Opinion Brief

Shakeup at Google: Is Larry Page ready to be CEO?

At 37, the search giant's co-founder is replacing Eric Schmidt as CEO. Has he matured enough to steer such a giant ship?

Google shocked the tech world and Wall Street Thursday by announcing that co-founder Larry Page is replacing Eric Schmidt as CEO, effective April 4. Page was Google's first chief executive but he and fellow cofounder Sergey Brin prompted jokes about 20-something entrepreneurs needing "parental supervision" and, in 2001, the young pair brought in the more seasoned (and older) Schmidt to help run the company. Now, a decade later, "day-to-day adult supervision [is] no longer needed!" joked Schmidt, who will stay on as executive chairman, on Twitter.

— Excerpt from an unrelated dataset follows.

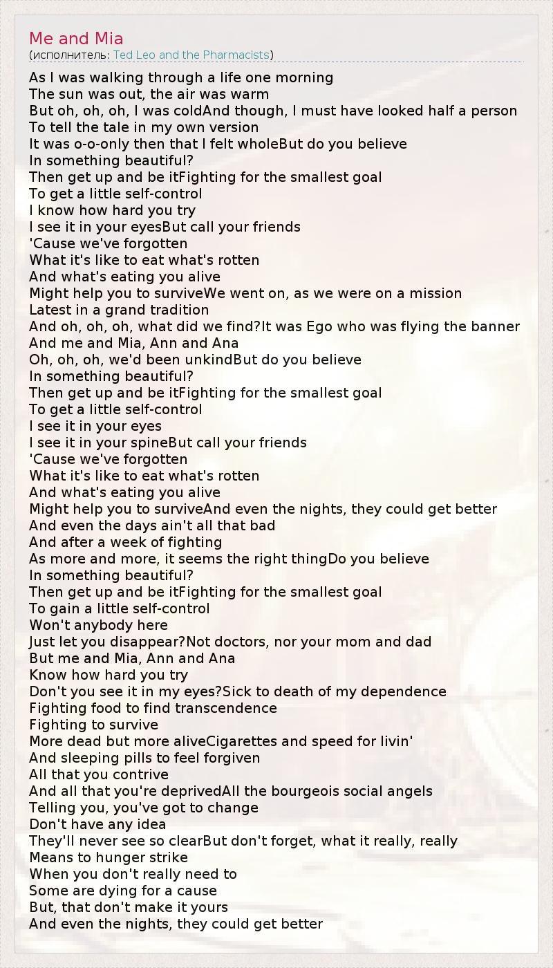 А как ты думаешь, о чем песня "Me and Mia" ?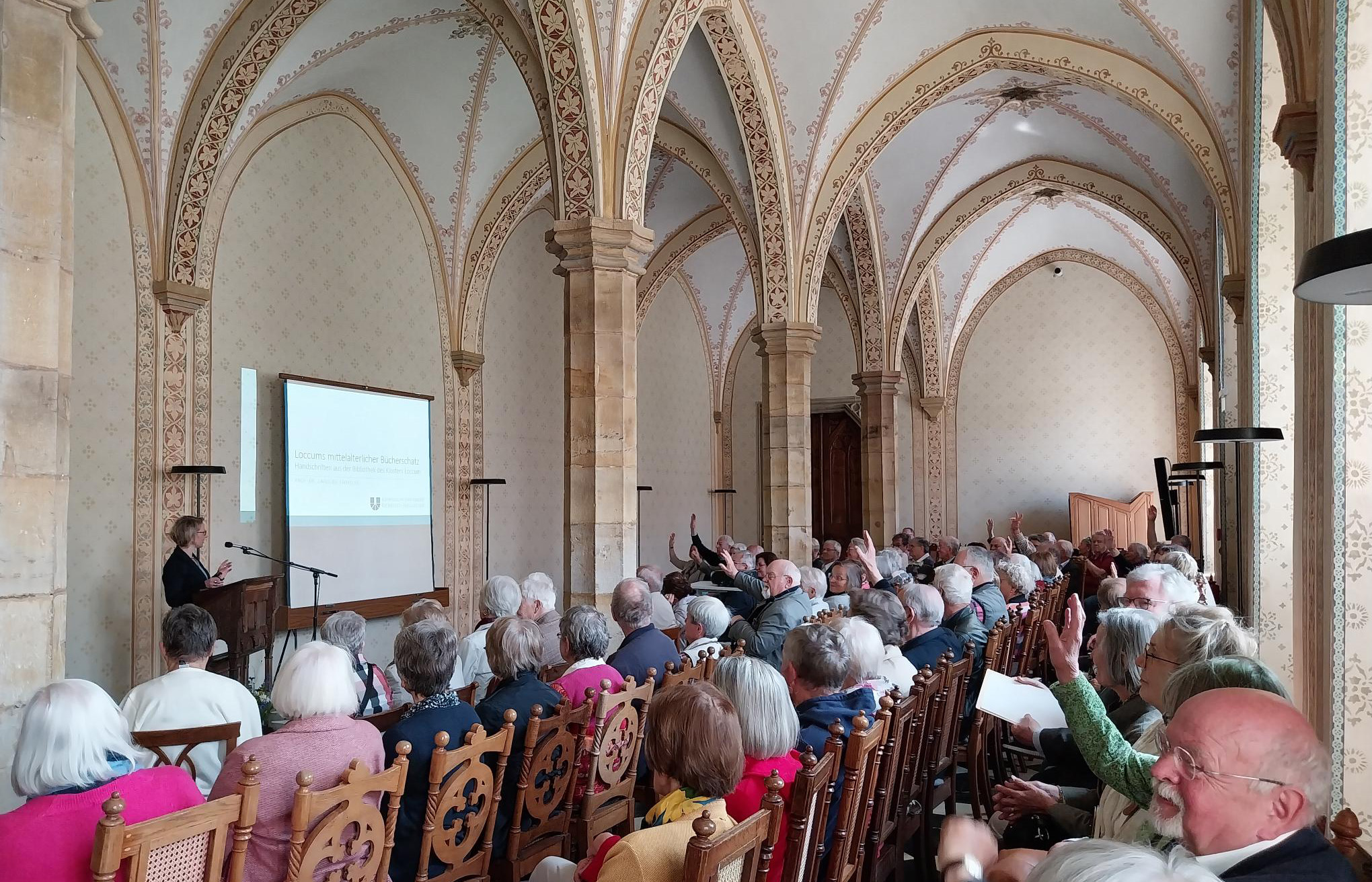 Zu Beginn referierte Professorin Dr. Caroline Emmelius über einige mittelalterliche Bücherschätze des Klosters Loccum. In den anschließenden Workshops wurde das Thema durch die Bibliotheksführungen mit Diplom-Bibliothekar Jörg Fiedler M.A. und Prior Arend de Vries vertieft. Zeitgleich erklärte Dr. Janis Berzins anschaulich das Klangspektrum der Seifert-Orgel.

Is Page ready to retake the helm? (Watch an AP report about the Google shakeup)

It's past time to give Page back the reins: Google "blossomed" under Schmidt's guidance, but "Page is clearly ready and eager to run the show again," says The Economist. If anything, this move should have happened sooner. The "unconventional" leadership "triumvirate" of Schmidt, Page, and Brin worked fine for a while, but Google now needs one guy in charge who can make "swift decisions on product matters," and Page fits the bill."Google turns a new Page"

Why mess with a good thing? Putting Page in charge "could go down as a management blunder of historic proportions," says Juan Carlos Perez in Computerworld. With Google reporting "yet another blockbuster quarter," why risk discovering that Page isn't "up to the mammoth task of running such a large, powerful, and increasingly diverse company?" It's hard to shake the feeling that Google "is trying to fix something that isn't broken." "Google's CEO switch could be a risky move"

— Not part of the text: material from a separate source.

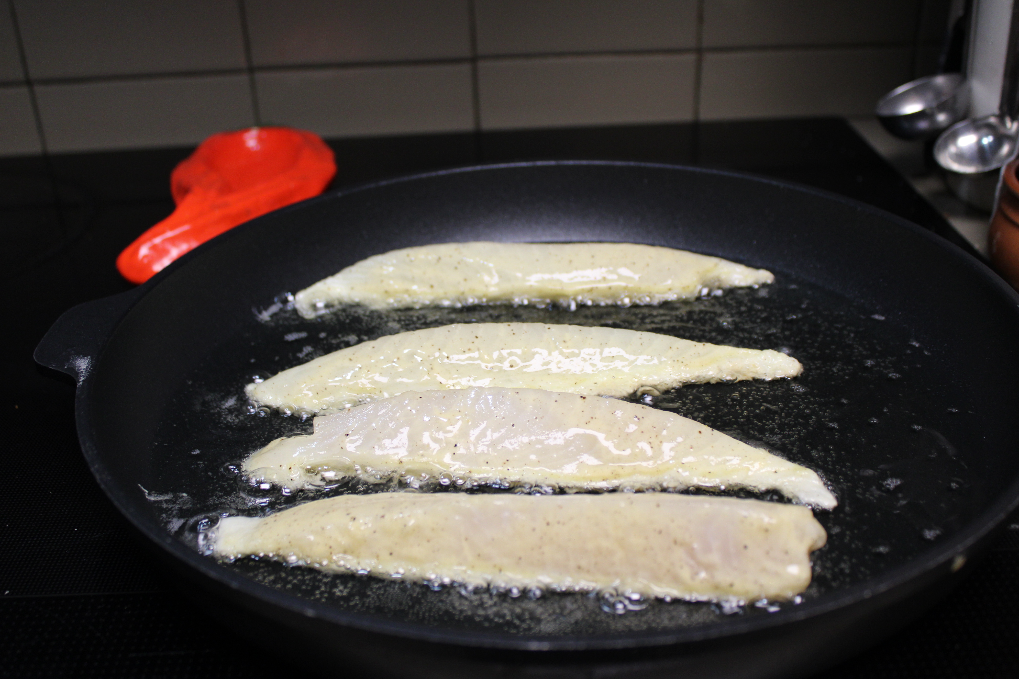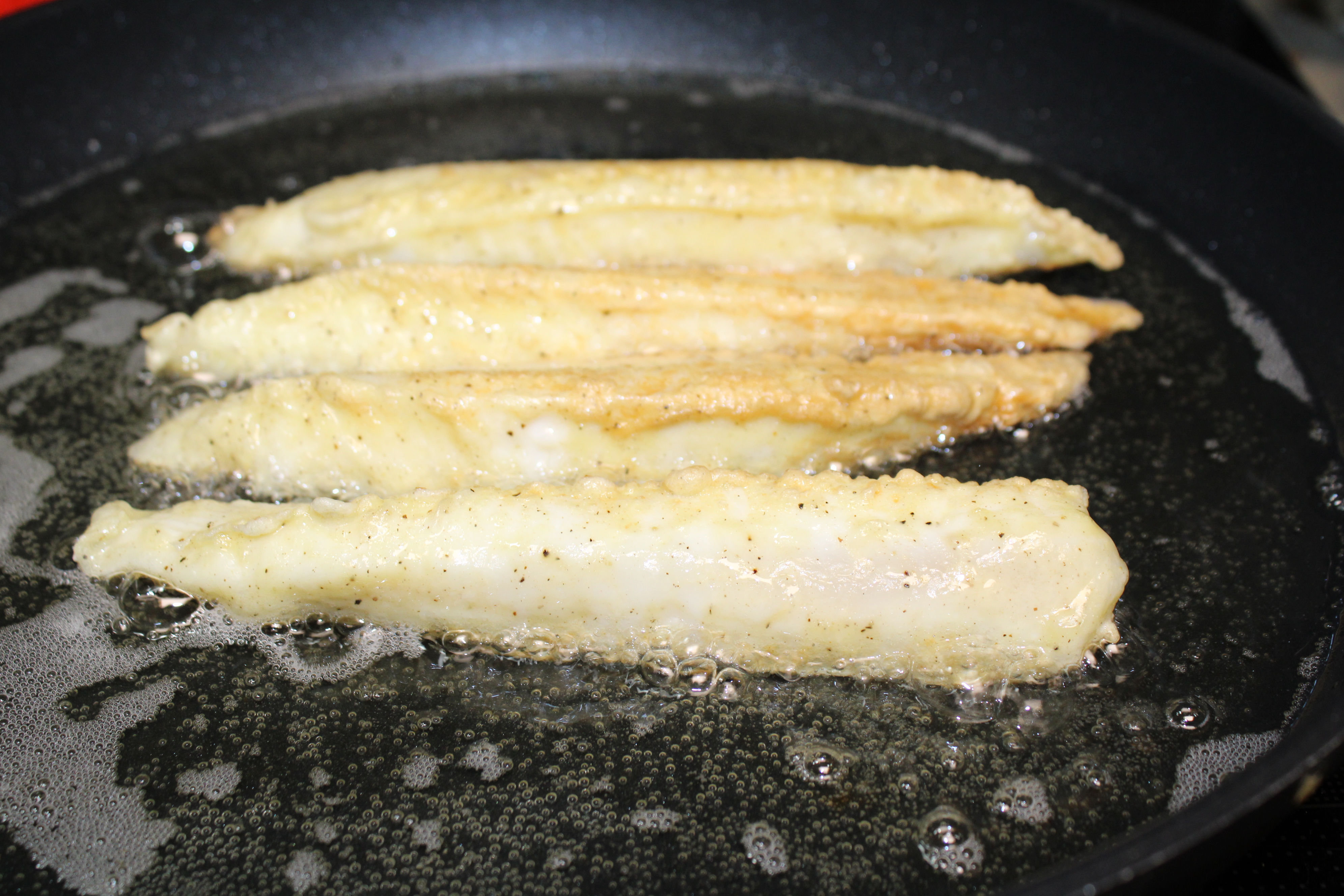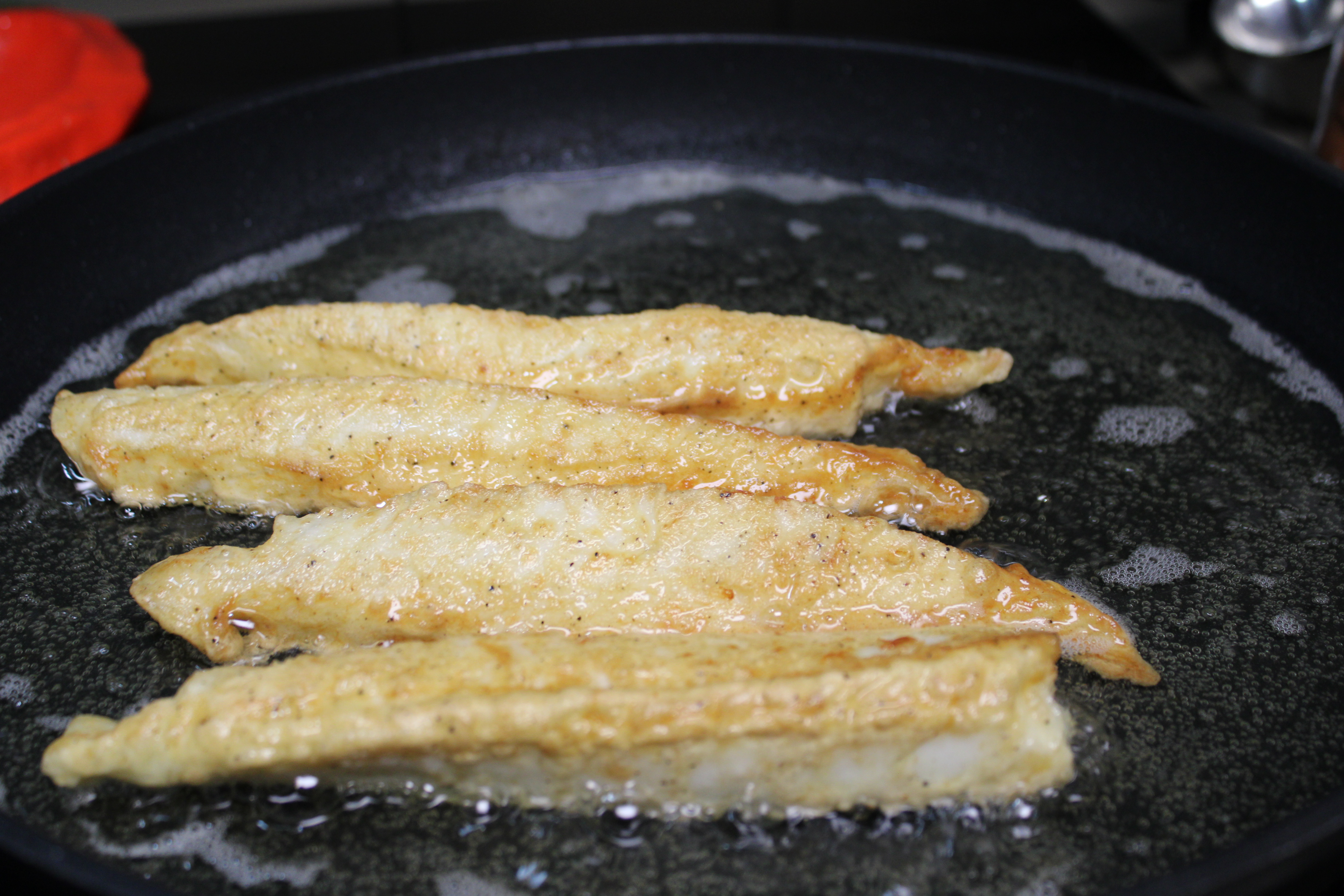 Heat oil in a large shallow frying pan over medium-high heat. Add the fish to the hot oil and fry until golden brown on both sides, about 4 minutes per side. Hold fish in a warm place until ready to serve. Let the oil cool in the skillet, then strain through a fine sieve to use for the sauce.

Really, what's different? The shift in titles sounds dramatic, but it's not clear that much will really change, says Brian Barrett in Gizmodo. "Schmidt will actually continue fulfilling most of his 'adult' duties," and Page has always been "deeply involved" in steering the company, only now he's probably "outgrown some of his immaturity." So in the short-term, this shakeup means "nothing"; in the long term, expect "more risks — with bigger successes and failures," at a faster pace."What does Google's new boss mean for you?"